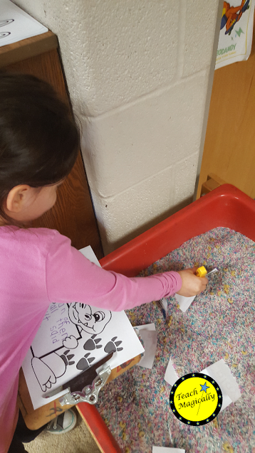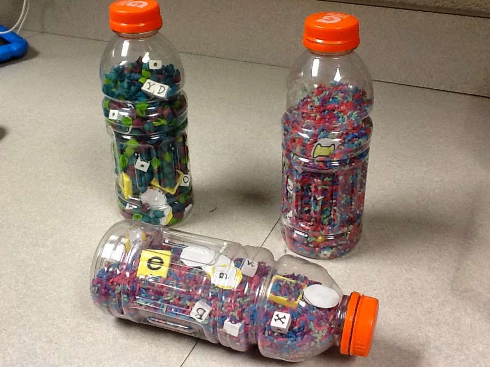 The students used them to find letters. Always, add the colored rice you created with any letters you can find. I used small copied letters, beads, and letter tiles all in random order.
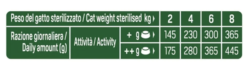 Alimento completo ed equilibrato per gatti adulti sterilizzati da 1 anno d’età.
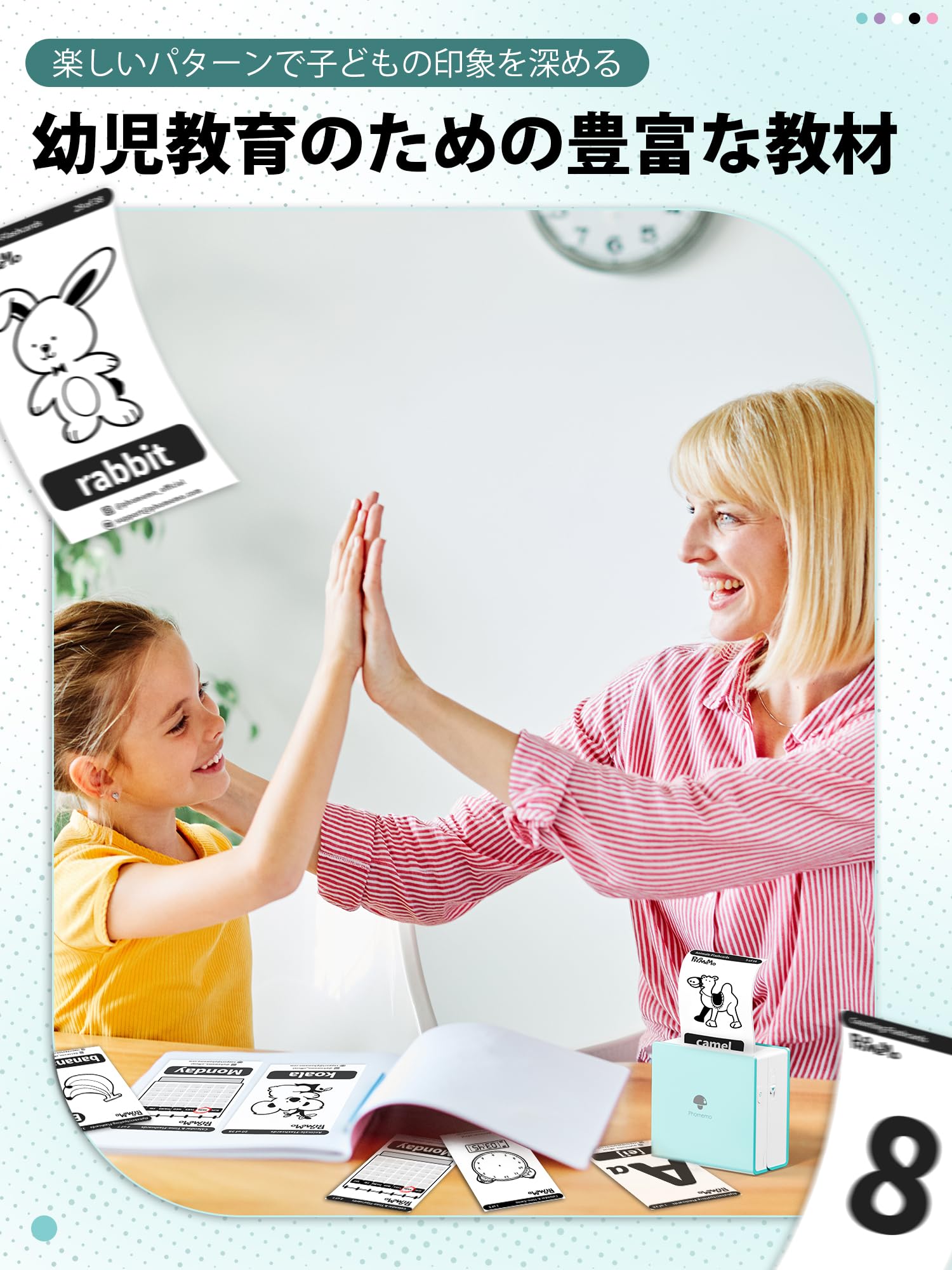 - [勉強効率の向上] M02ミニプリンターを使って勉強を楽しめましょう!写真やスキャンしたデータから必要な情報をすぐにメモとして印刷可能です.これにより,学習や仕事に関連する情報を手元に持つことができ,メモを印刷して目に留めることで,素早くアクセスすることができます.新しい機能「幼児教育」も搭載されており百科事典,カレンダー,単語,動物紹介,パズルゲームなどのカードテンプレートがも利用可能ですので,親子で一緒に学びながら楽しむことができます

=-=-=-=-=

EXERCISE PROMPT:
All text in the material above must be written out exactly; the images are to be skipped.

PROBLEM SOLUTION:
 The students used them to find letters. Always, add the colored rice you created with any letters you can find. I used small copied letters, beads, and letter tiles all in random order.
 Alimento completo ed equilibrato per gatti adulti sterilizzati da 1 anno d’età.
 - [勉強効率の向上] M02ミニプリンターを使って勉強を楽しめましょう!写真やスキャンしたデータから必要な情報をすぐにメモとして印刷可能です.これにより,学習や仕事に関連する情報を手元に持つことができ,メモを印刷して目に留めることで,素早くアクセスすることができます.新しい機能「幼児教育」も搭載されており百科事典,カレンダー,単語,動物紹介,パズルゲームなどのカードテンプレートがも利用可能ですので,親子で一緒に学びながら楽しむことができます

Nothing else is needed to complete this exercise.